The system prompt is exposed as agent.SYSTEM_PROMPT for tests / inspection. The tool definition is agent.SUBMIT_TOOL.
batch.py — Message Batches API¶
def run_batch(
client: Anthropic,
by_company: dict[str | None, list[tuple[int, TicketInput]]],
*,
model: str = "claude-opus-4-7",
) -> dict[int, TicketOutput | None]:
...
Flattens the by-company dict to a single batch (preserving original CSV row indices via custom_id="ticket-NNN"), submits, polls every 60s until processing_status == "ended", then re-threads results back into the original ticket order. Hard timeout at 24h (Anthropic's batch SLA).
build_requests() and _build_params() are the building blocks if you want to construct the payload manually for inspection.
corpus.py — per-domain markdown¶
def normalize_company(company: str | None) -> str | None: ...
def load_domain(company: str) -> str: ...
def list_subdirs(company: str) -> list[str]: ...
load_domain("hackerrank") returns the entire HR corpus as a single string with each file wrapped in <doc path="data/hackerrank/...">...</doc>. Frontmatter, image markup, and signed-URL params are stripped. The HR-specific subdir exclusions live in HR_EXCLUDE_SUBDIRS = {"integrations", "library"}.
@functools.lru_cache(maxsize=8) keeps the loaded blob in memory across calls within one Python invocation — particularly useful when eval.py runs multiple Sonnet domain groups back to back.
safety.py — sanitization + spotlight wrap¶
def sanitize(text: str | None) -> str: ...
def wrap_ticket(issue: str, subject: str, company: str) -> str: ...
sanitize drops ASCII control characters (except newline / tab) and NFC-normalizes unicode. wrap_ticket produces the <user_ticket> block sent to the model.
schema.py — pydantic models¶
class Status(StrEnum): REPLIED, ESCALATED
class RequestType(StrEnum): PRODUCT_ISSUE, FEATURE_REQUEST, BUG, INVALID
class TicketInput(BaseModel): issue, subject, company
class TicketOutput(BaseModel): status, product_area, response, justification, request_type
CSV_COLUMNS = [Issue, Subject, Company, Response, Product Area, Status, Request Type, Justification]
output_tool_schema() → JSON Schema dict for the submit_triage tool
TicketOutput.model_json_schema() is what we plug into the submit_triage tool's input_schema, so the schema definition lives in exactly one place.
eval.py — accuracy harness¶
Runs the agent against ../support_tickets/sample_support_tickets.csv (10 labeled rows), compares predicted vs expected on the three structural columns (status, request_type, product_area), prints the per-column accuracy, and dumps every mismatch with predicted-vs-expected side-by-side for human review.

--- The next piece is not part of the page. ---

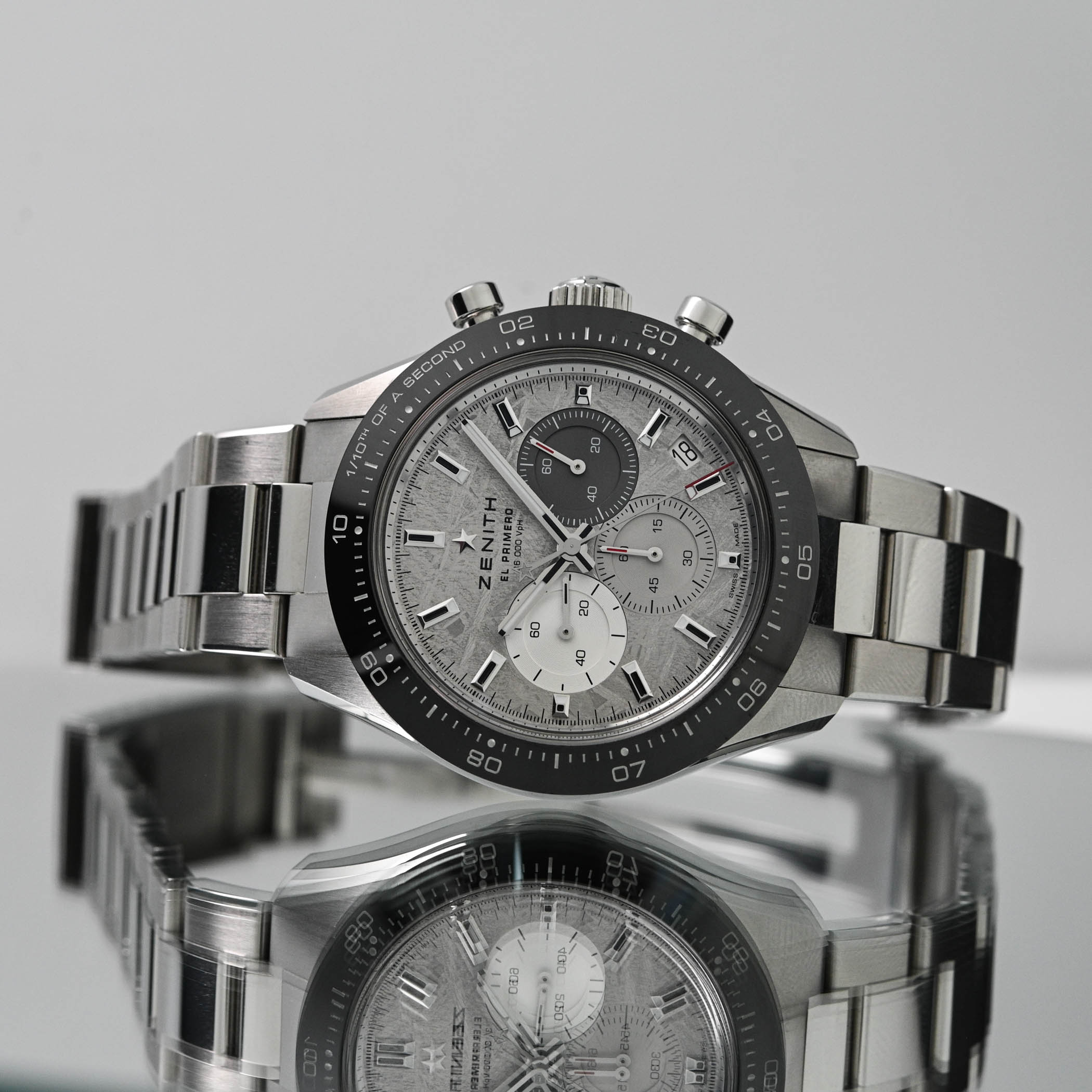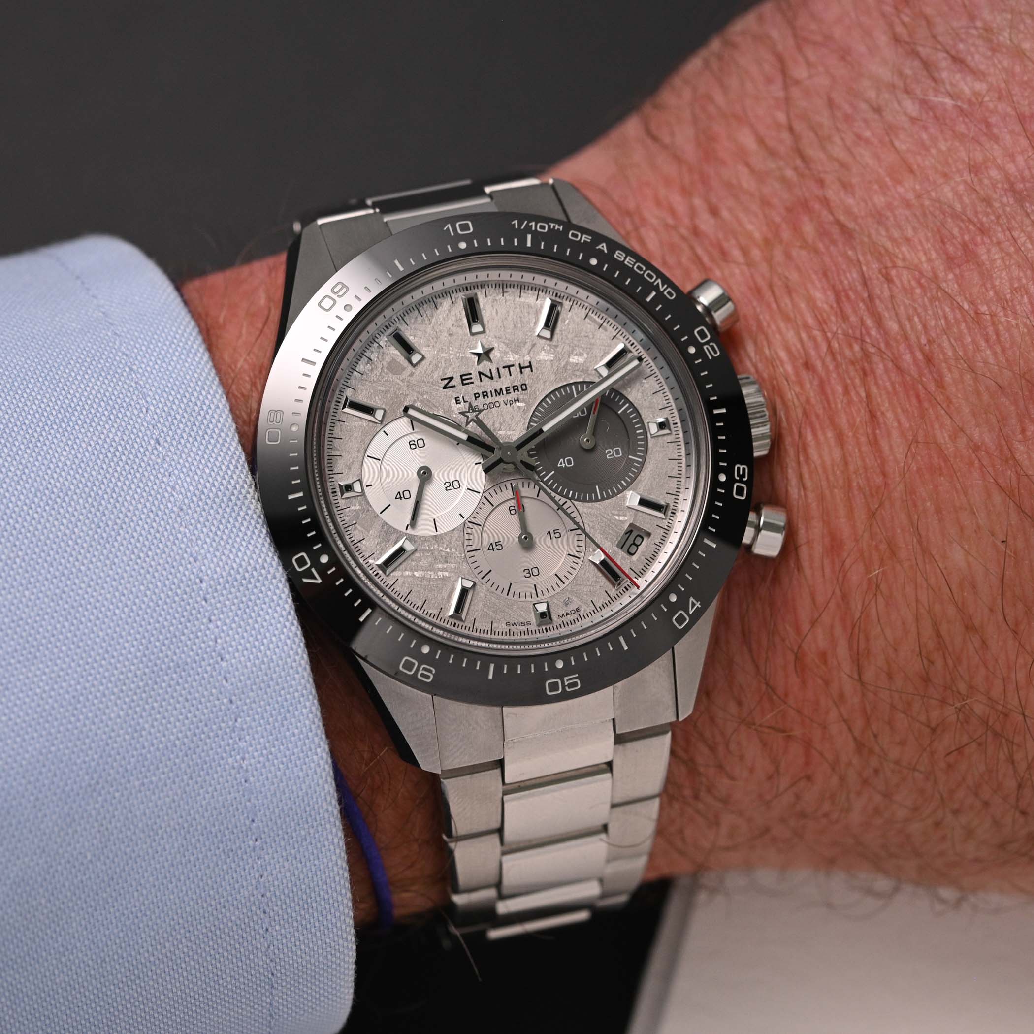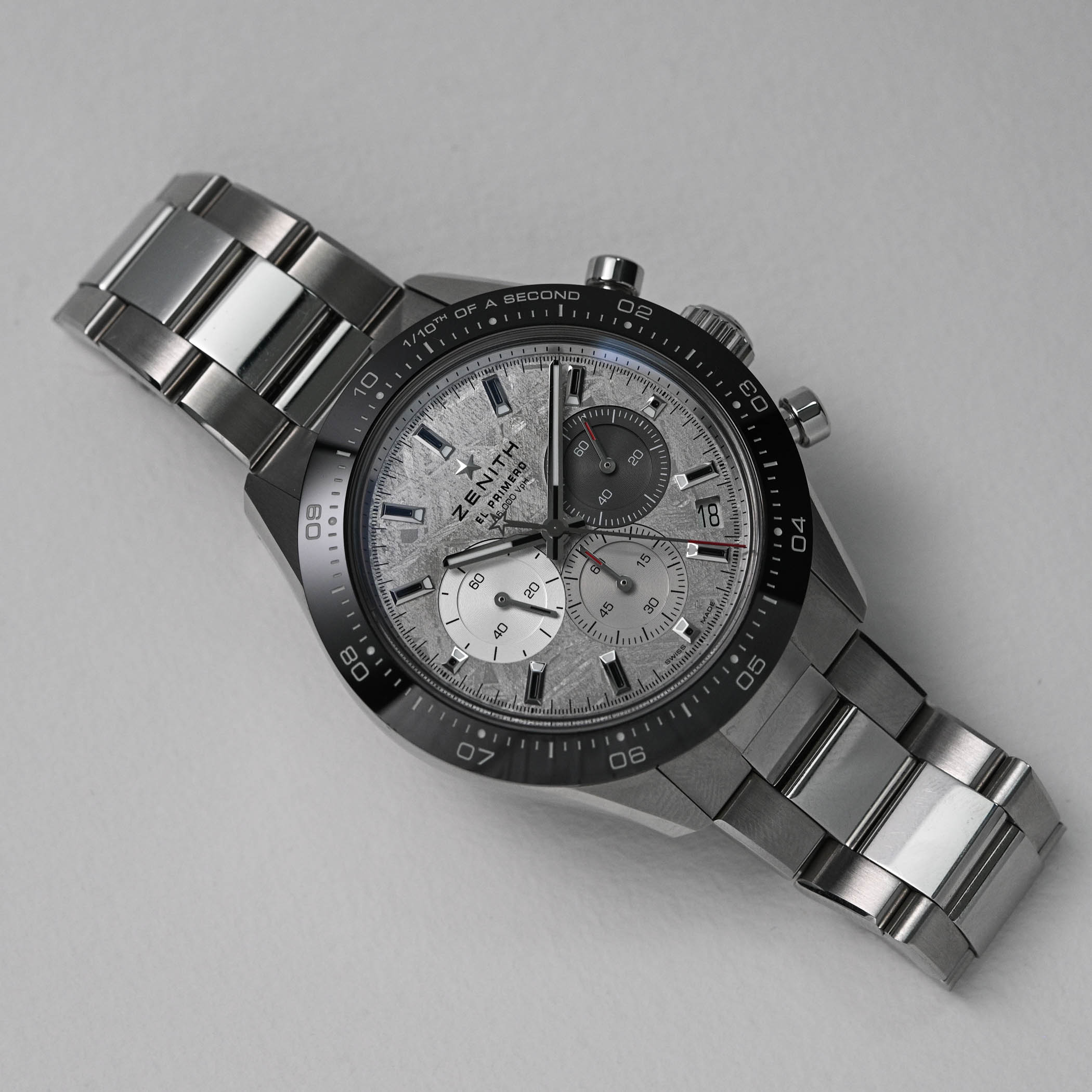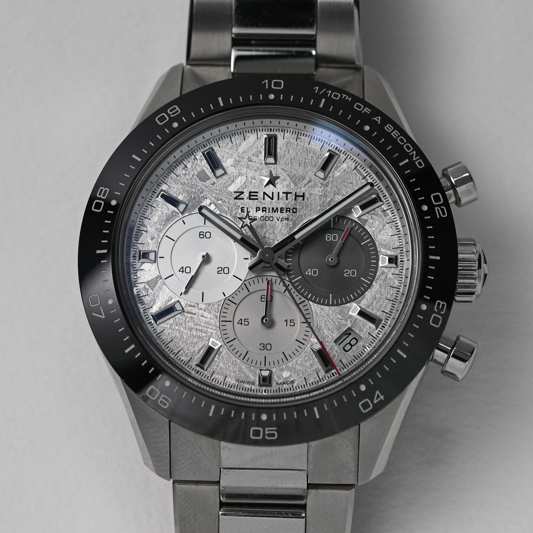 Released in 2021, the Zenith Chronomaster Sport has been quite a success for the Le Locle-based brand. A versatile sports chronograph with enough arguments, visually and mechanically, to compete with the heavyweights of the category, it has been made in an array of different versions since its introduction. Ranging from classic to bold, we’ve seen steel editions with tri-colour dials, models in pink, with green accents, with a tri-colour ceramic bezel, in titanium or with a rainbow bezel. Meteorite isn’t new to the collection either, and in fact, the model we’ll be looking at today already existed discreetly, as a Japan-only edition. Well, the steel Zenith Chronomaster Sport Meteorite is now available worldwide, and it looks quite special.

Free-text response and justification are not graded automatically — they need human eyeballs.
tests/¶
Five test files, 31 tests total, zero API calls — all run in a few hundred milliseconds.
| file | what it covers |
|---|---|
test_safety.py |
sanitize + wrap_ticket: null bytes, unicode preservation, delimiter shape |
test_corpus.py |
load_domain non-empty, HR subdir exclusion, image stripping |
test_schema.py |
pydantic enum values, CSV column order, schema validation |
test_main.py |
resume helpers, cost estimate, output merge logic |
test_batch.py |
request construction, custom_id round-trip, no-corpus path |
scripts/build_submission.py¶
Builds a clean zip of code/ (no .venv, __pycache__, logs/, .env, dotfiles, etc.) ready for HackerRank upload. Defaults to /tmp/orchestrate-code.zip. Stdlib-only (no system zip dependency).